Во-первых, вся компания был в зипунах, несмотря на то, что солнце светило так ярко, что резало глаза. Во-вторых, эти люди носили такие густые бороды, что лиц было невозможно рассмотреть. В-третьих, они все пели песни ужасно немелодичными, но до странности красивыми голосами.

– Хэй! – один из туристов, в очках-полумесяцах и седой, резко затабанил, да так, что лодка едва не просела. – Смотри-ка, пассажиры!

– Пассажиры, – забурчал молодой парень на корме. Усов и бороды у него не было. Только модная стрижка да очки в роговой оправе. Да портрет какого-то политика на футболке. – Делать нам нечего, кроме как еще пассажиров набирать. Самим не протолкнуться.

– Леша, тихо, – буркнул турист в очках-полумесяцах. – Может, им помощь требуется. Давайте, табань!

Лодка остановилась, обрызгав Сашу и Эрика ярко-зелеными брызгами. На месте брызг на одежде остались ярко-фиолетовые пятна.

– Ну, рассказывайте, кто такие, куда путь держите, – турист в очках-полумесяцах подмигнул.

– А… а в-вы кто такие? – пискнула Саша.

– Мы, сестренка, туристы. Путешественники по чужим снам. Нам, понимаешь ли, в Государстве скучно, вот и плаваем по Пограничью. Ищем таких, как вы, бедолаг, да спасаем. Вы сколько тут уже? Судя по вот этому – палец туриста ткнулся Эрику в грудь – не менее двух месяцев. Еще месяц – и все, крышак бы поехал. Только в дурку и ложиться. А вы куда, собственно, направляетесь?

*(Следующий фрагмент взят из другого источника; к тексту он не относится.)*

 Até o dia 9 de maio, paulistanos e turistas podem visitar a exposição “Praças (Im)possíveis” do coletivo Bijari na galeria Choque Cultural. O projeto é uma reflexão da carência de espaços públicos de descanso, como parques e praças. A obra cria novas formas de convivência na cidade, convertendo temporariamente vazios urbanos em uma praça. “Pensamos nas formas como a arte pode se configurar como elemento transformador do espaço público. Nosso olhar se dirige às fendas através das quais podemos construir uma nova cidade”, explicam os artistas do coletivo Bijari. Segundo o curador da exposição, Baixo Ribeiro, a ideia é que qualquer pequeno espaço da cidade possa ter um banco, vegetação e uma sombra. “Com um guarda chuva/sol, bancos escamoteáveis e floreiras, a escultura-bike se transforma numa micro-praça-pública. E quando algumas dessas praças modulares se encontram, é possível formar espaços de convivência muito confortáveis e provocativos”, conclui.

– П-понимаете, – слышать русскую, живую речь было просто как бальзамом на сердце. – Я отказалась подписывать соглашение, и оказалась тут. А тут и Эрик, и нельзя проснуться… В общем, я практически ничего не понимаю, – со вздохом подытожила Саша. – Только разве что то, что нам с ним нужно попасть на метро.

Отчего-то турист расхохотался, басом. Да и остальные тоже хохотали вовсю, и даже самый молодой, в футболке с политиком, визгливо похихикивал. Саша уже привыкла, что над ней смеются, и приготовилась уже ощутить то самое щемящее чувство в груди, но отчего-то его не было. Да и смеялись, они, кажется, не над ней вовсе.

– Экая незадача, сестренка, – турист потрепал ее по голове. – Надо же, какая ты смелая революционерка. Отказалась, значит, принять гражданство Государства, и тебя просто выбросили на произвол судьбы. О чем только они думают! Так бы грелась сейчас где-нибудь на выдуманных Мальдивах, а теперь только и думаешь, как бы проснуться. Тебе еще повезло, что ты не попала в Ловушку.

– В Ловушку?..

– Это сложно объяснить, – разглагольствовал тем временем парень в футболке с политиком. – Ты просто вроде как в знакомом месте, но что-то тебе кажется ужасно не так, как на самом деле. И вот ты напрягаешься, напрягаешься, пытаешься углядеть ту самую важную деталь, которая все меняет…

– И оказывается, что ты находишься, например, на семнадцатом этаже шестнадцатиэтажного дома. Хочешь спуститься вниз, на шестнадцатый, проходишь пролет – и снова оказываешься на том самом семнадцатом этаже, – продолжил турист в очках, поглаживая необъятный живот в зипуне. – Или, например, вышла на несуществующей станции метро, которой и не было-то никогда. Хочешь попасть обратно – и не получается. Это и есть ловушка. И люди, которые никогда по снам не путешествовали, могут там просидеть целую жизнь – проснуться-то нельзя.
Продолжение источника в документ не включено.